Ruby looks over Antoinette’s shoulder, expecting an incursion of the Montero tribe.
“It’s okay,” Antoinette says. “They’re not coming in.” She sits half her butt on the edge of Ruby’s bed. “How are you? How do you feel?”
“Like I just gave birth to an elephant.” Ruby’s tongue feels as fuzzy as her brain. “But the drugs are good.”
Antoinette fiddles with the edge of the thin blanket, pulls at a loose thread. “I want, I need to ask…” Her eyes remain downcast as she speaks; her fingers pick at the blanket’s stitching, unrolling the hem.

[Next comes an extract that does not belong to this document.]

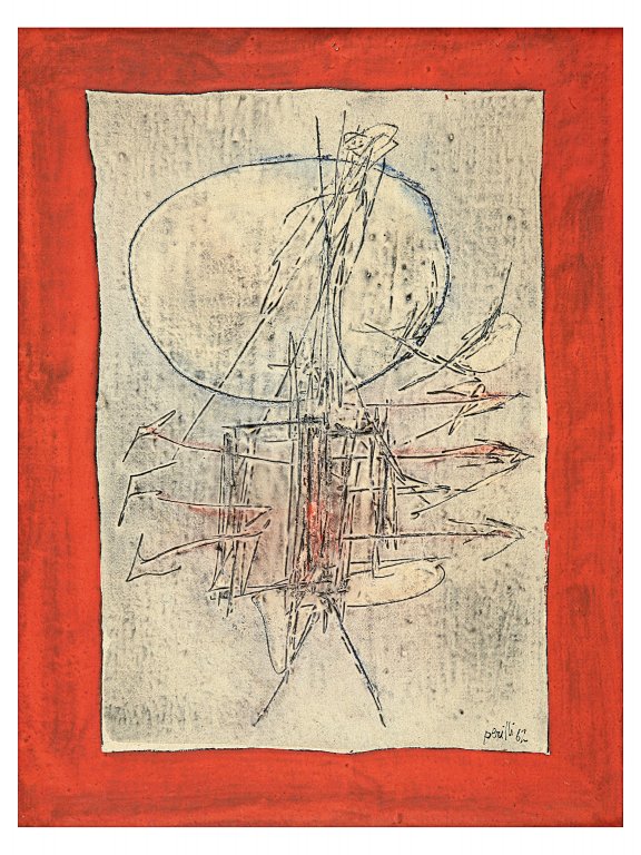 ACHILLE PERILLI (1927-) La parte del diavolo 1962tecnica mista su tela cm...

Ruby tries to focus on Antoinette’s words, but she keeps thinking how her friend really, really needs a manicure.
It would mean so much to the family, Antoinette says, if they could do just this one thing, if they could have their priest come to baptize the baby before he is sent away from them. “You know, so they won’t all worry that he’ll end up in limbo or hell.”

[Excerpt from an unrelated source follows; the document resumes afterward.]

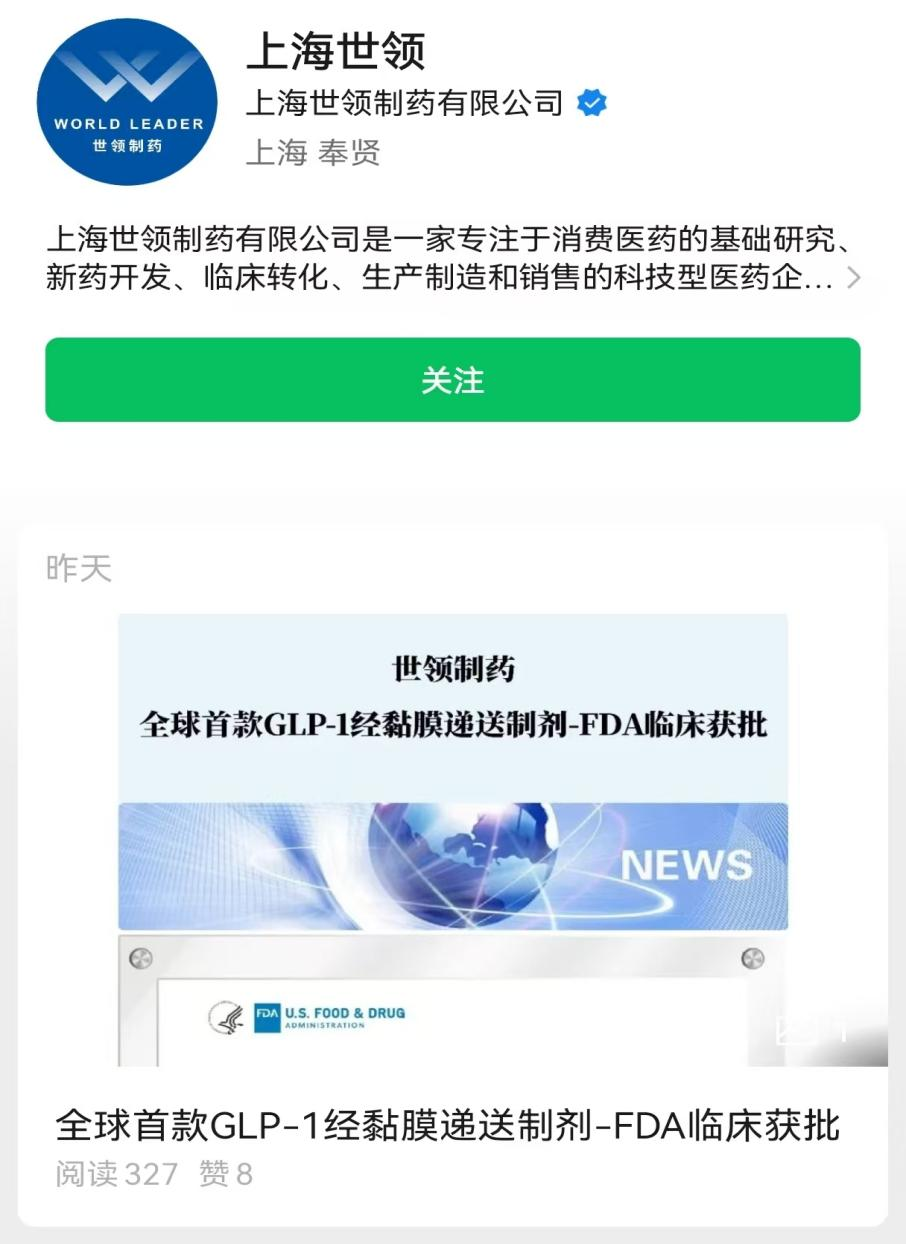 近日,上海世领制药官方公众号披露,其自主研发的司美格鲁肽鼻喷雾剂作为全球首创的GLP-1鼻喷给药新剂型,2025年已获得美国FDA批准进入临床。同时该药品也向国家药品监督管理局药品审评中心(简称CDE)申报临床。

All of it, the exhaustion, the emotion, the reality that she is giving up her child, is an insidious fog that creeps in and shrouds Ruby as tightly as her baby was swaddled. She says something, she must, because Antoinette squeezes Ruby’s foot then disappears. Margaret holds a big plastic mug to Ruby’s lips; she drinks from the straw, feels the cool water trickle down her throat. Margaret lowers the bed. And Ruby closes her eyes.
ONE HUNDRED FOUR
Candles throw their golden light everywhere. Rows of flickering votives line the ledges that run down both sides of the little room and balance on the railing in front of the pews. Two tall candelabra stand like many-armed goddesses on the riser just beyond the railing. The candles transform the plain, institutional chapel into a garden of light.